The last time it happened was in 2003 and a whole lot has happened for Homme in that time. Queens of the Stone Age has been the cornerstone, but there’s been time served with Them Crooked Vultures, Eagles of Death Metal and numerous other projects. That he’s gone back to this cooperative after all this time is encouraging because with every release Homme puts out, to his credit - whether it’s perceived as a “hit” or “miss”, it’s never rote and it never feels phoned in.
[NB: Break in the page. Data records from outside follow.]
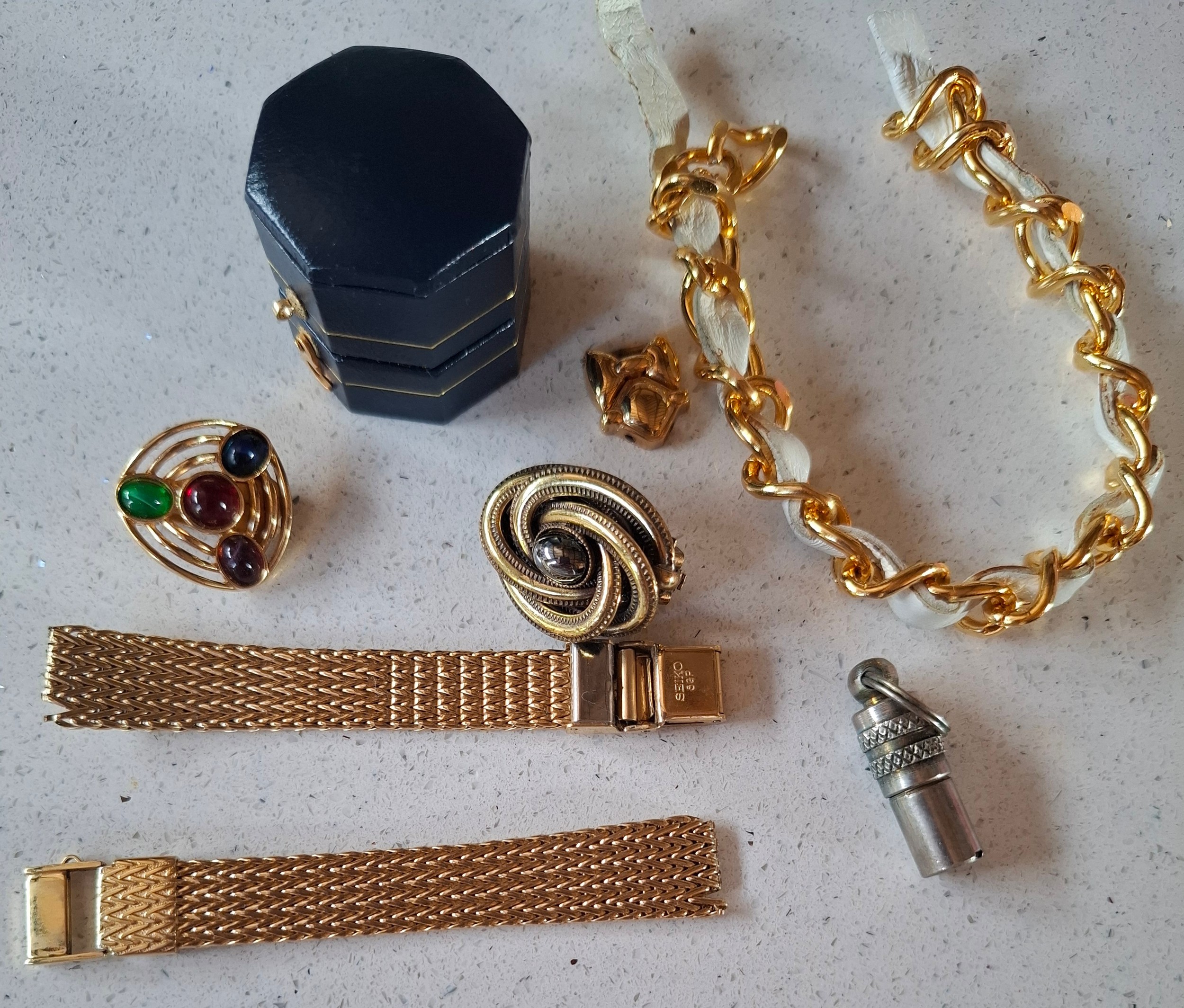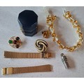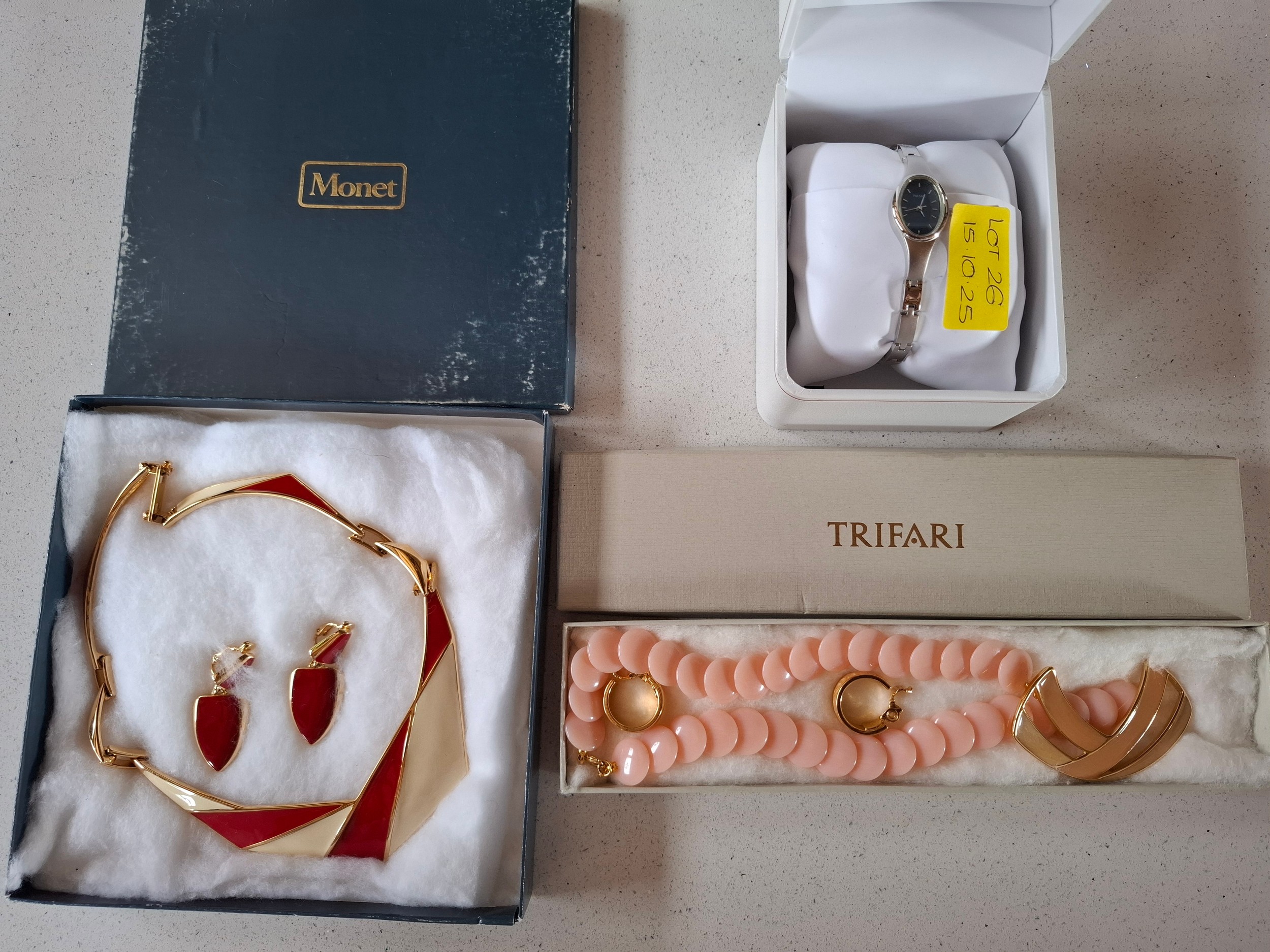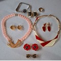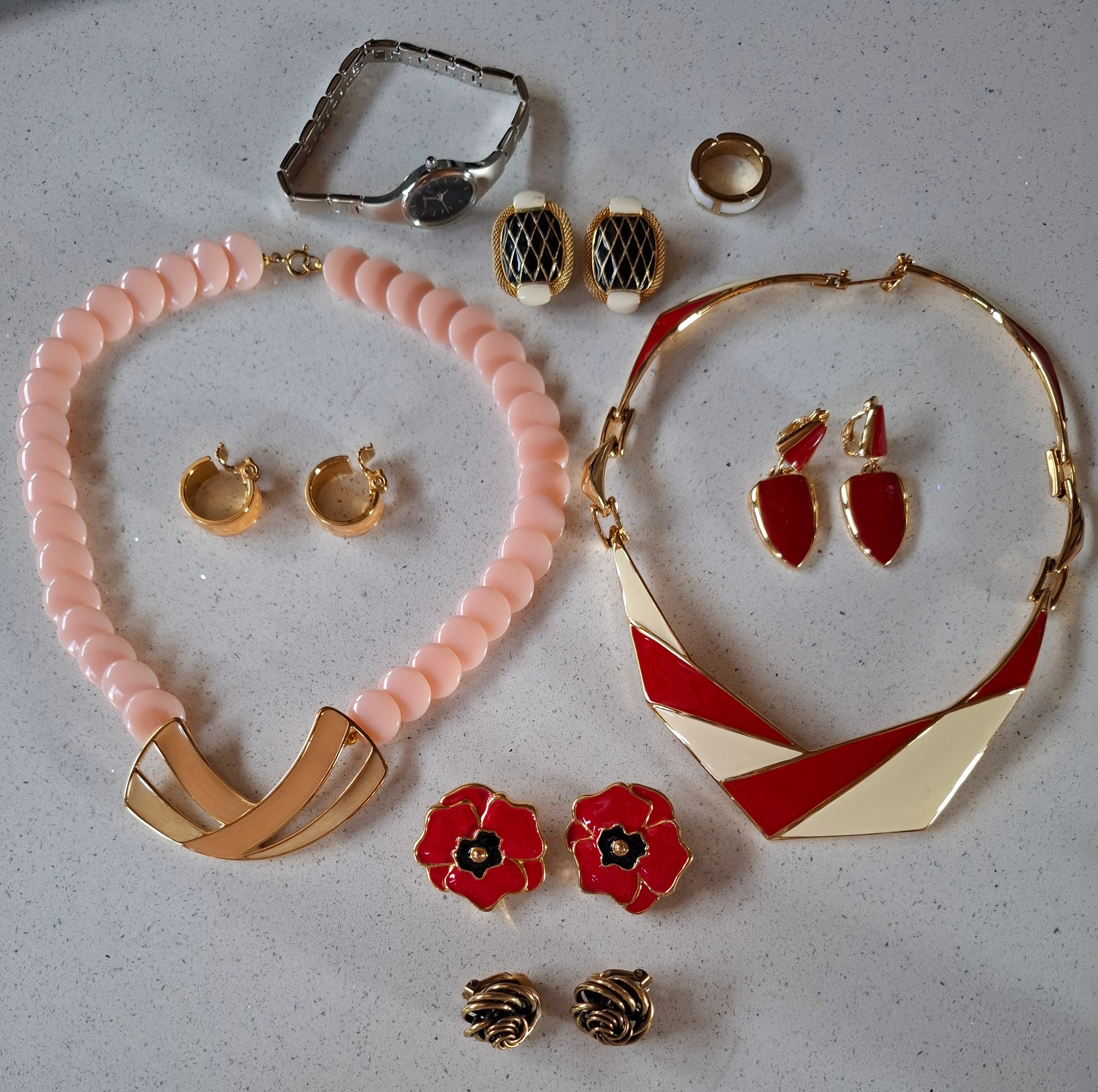 Balenciaga and Escada -A quantity of late 20th Century costume jewellery to include a pair of Balenciaga gold tone and enamel clip-on earrings, a pair of Escada red enamel poppy clip-on earrings, a Bering gold tone ring, Bulatti earrings, a Trifari gold tone and pink bead jewellery suite with branded box and a Monet gold tone, red and cream enamel jewellery suite with branded box together with a gold plated watch strap A/F, a ladies boxed Pulsar watch and miscellaneous items. Location: R2.3
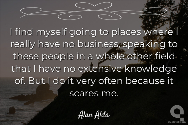 I find myself going to places where I really have no business, speaking to these people in a whole other field that I have no extensive knowledge of. But I do it very often because it scares me.
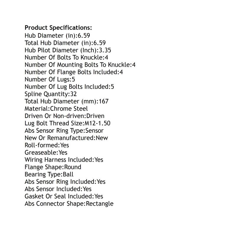• Type: Hub Assembly

With Volumes 11 & 12 (named Arrivederci Despair and Tightwads & Nitwits & Critics & Heels, respectively), it would seem that Homme is once again ready to let loose the reigns and collaborate with a mix of old folks and new. And the result is The Desert Sessions most cohesive collection of songs to date.
“Move Together” starts off with a rather ominous loop and a beautifully raw falsetto courtesy of ZZ Top’s Billy Gibbons. It’s slow, tantric groove reaches a sexy crescendo before we move into what’s probably the most QOTSA sounding tune of the bunch, “Noses In Roses, Forever”, which would have sounded right at home on the band’s latest offering, Villains.
Homme is, in fact, responsible for lead vocals on only 2 of the 8 tracks on the album (a single release, with 4 tracks comprising each volume). By curtailing his instantly recognizable voice, it really does feel like a true collaborative effort - like Homme’s the genial host of of a party that passed out early, leaving the guests to their own devices and draw their musical dicks on his face.
Highlighting one of these guest vocal performances is Libby Grace, who’s earthy dulcet tone permeates “If You Run”. If there’s a justice on this earth and beyond, we’ll be hearing a lot more from her in the years to come. Other vocal duties are passed on to the likes of Jake Shears, Royal Blood’s Mike Kerr and the unique stylings of Toornst Hulpft, the Unknown Comic of the proceedings and who’s speculative identity has been the source for many a debate since the album’s release. But in this case, the final product proves that the “who” is secondary to the “what”.
The fact that Desert Sessions vol. 11 & 12 was recorded in just a few days is a glaring reminder that a great album doesn’t need to be overthought and overwrought. Hell, the first Black Sabbath album was recorded in a single day in 1969. Its 50 years later and look what you can accomplish after only a week in the desert.